Conversation about this article

1: Baldev Singh (Bradford, United Kingdom), October 11, 2011, 11:08 AM.

Sikhs have always excelled in the field of music and other arts and entertainment in India. Jagjit Singh dominated the area of classy popular music in the last several decades.

2: Gurjender Singh (Maryland, U.S.A.), October 11, 2011, 6:49 PM.

May Waheguru bless the departed soul. Beside gazals, Jagjit Singh also made various CDs of gurbani shabads. Thank you also, Jagjit, for the CD you produced for the 400th Gurgaddi Divas.

3: Paramjit Singh Grewal (Auckland, New Zealand), October 12, 2011, 5:39 AM.

May Waheguru bless Jagjit Singh ji's family with strength to accept His bhana.

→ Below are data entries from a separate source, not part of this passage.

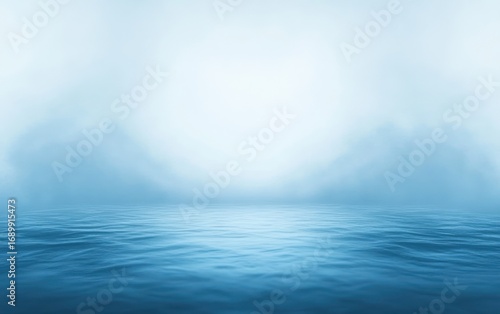 Calm blue water surface with soft misty fog and pale sky creating a serene and peaceful atmosphere
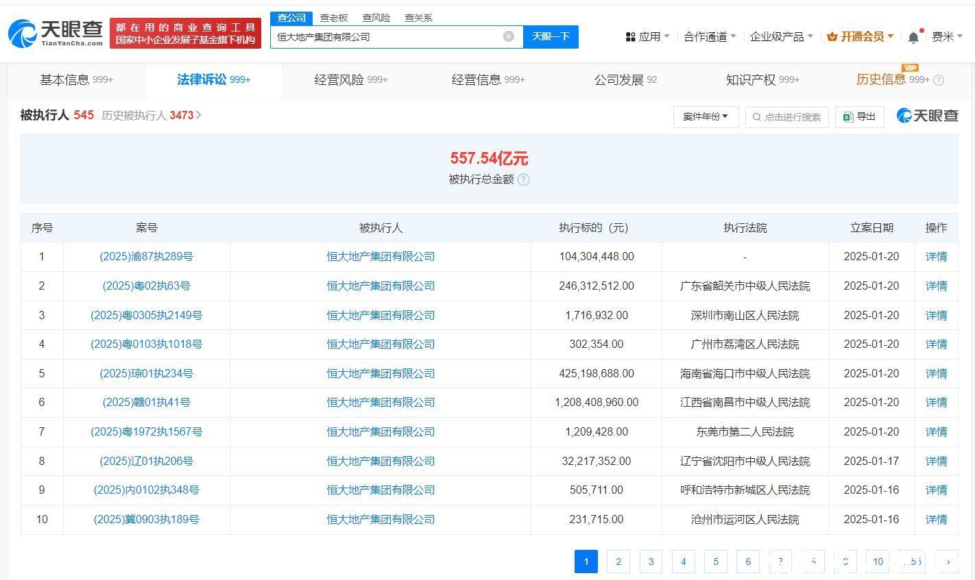天眼风险信息显示,恒大地产集团有限公司现存540余条被执行人信息,被执行总金额超557亿元。此外,该公司还存在多条限制消费令、失信被执行人(老赖)及终本案件信息。
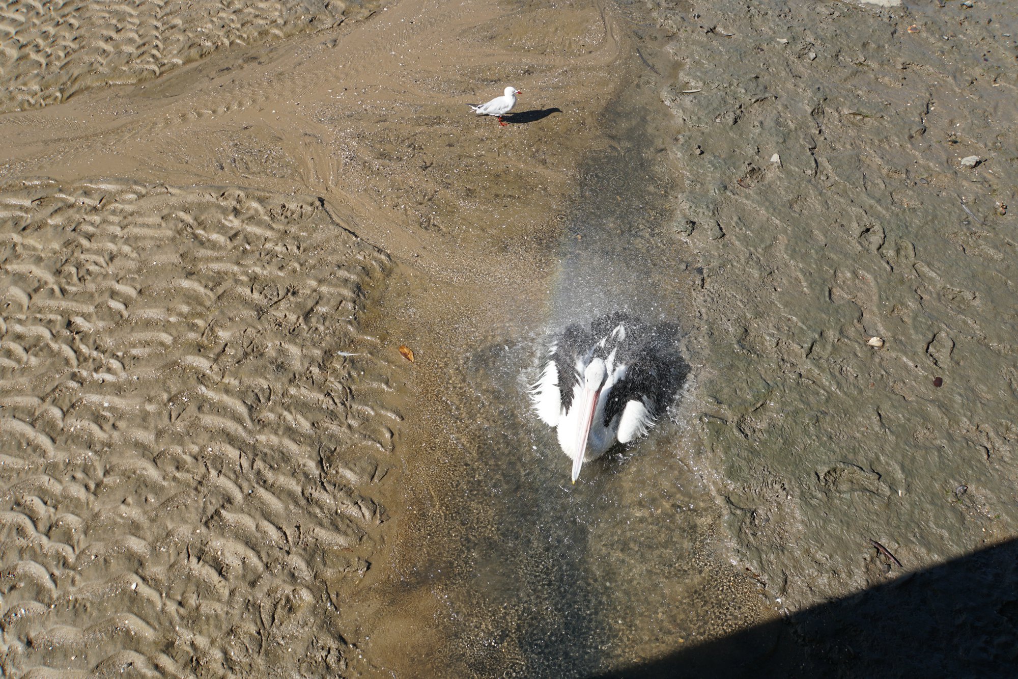 しかもバシャバシャと水浴びをしながら餌を取るものだから、だいぶ魚も逃げていく。

Jagjit Singh's rendition of the slok by the Ninth Guru Sahib is my favourite.

4: Mohan Singh (Toronto, Ontario, Canada.), October 13, 2011, 10:46 AM.

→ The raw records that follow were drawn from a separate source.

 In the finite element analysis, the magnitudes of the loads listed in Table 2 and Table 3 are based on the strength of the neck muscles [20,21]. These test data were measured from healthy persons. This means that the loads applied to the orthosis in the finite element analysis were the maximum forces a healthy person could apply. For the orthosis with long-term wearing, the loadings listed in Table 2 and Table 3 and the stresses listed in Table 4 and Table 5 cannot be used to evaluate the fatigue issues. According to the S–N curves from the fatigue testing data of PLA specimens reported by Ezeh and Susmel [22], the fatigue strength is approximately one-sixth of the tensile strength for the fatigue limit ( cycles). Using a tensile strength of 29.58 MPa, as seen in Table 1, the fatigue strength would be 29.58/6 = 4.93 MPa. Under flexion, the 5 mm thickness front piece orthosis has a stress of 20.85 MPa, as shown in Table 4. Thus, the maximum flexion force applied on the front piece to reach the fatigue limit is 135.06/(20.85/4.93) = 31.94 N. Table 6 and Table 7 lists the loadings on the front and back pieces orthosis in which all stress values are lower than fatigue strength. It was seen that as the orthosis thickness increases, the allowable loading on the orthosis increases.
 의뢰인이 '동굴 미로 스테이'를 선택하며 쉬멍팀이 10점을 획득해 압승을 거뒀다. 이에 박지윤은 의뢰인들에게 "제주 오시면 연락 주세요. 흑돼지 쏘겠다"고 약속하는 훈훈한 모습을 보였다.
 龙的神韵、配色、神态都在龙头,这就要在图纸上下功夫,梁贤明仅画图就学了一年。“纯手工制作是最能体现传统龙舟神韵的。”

Jagjit Singh started singing gurbani hymns in the gurdwara, specializing in Asa di vaar. Later, he became popular for his ghazals.

5: Raj (Canada), October 13, 2011, 11:31 PM.

Jeeti Bha ji, as we called him, was the best musician of the recent decades. Whether it was gurbani shabad, Shiv Batalvi's poems, ghazal or a classical composition; his singing brought out true emotions of the composition. Not to be biased, but he sang the slok from Mohalla IX with Mohd. Rafi; his singing was many times better than Rafi's.

6: Harpreet Singh (Delhi, India), October 14, 2011, 3:12 PM.

With the death of a great singer who faced death of his young son and daughter a few years ago - may Waheguru give courage to his wife, Chitra Singh. I did not know that he was a Sikh. I am unable to understand why many Sikhs, famous or otherwise, squander away their Sikh identity.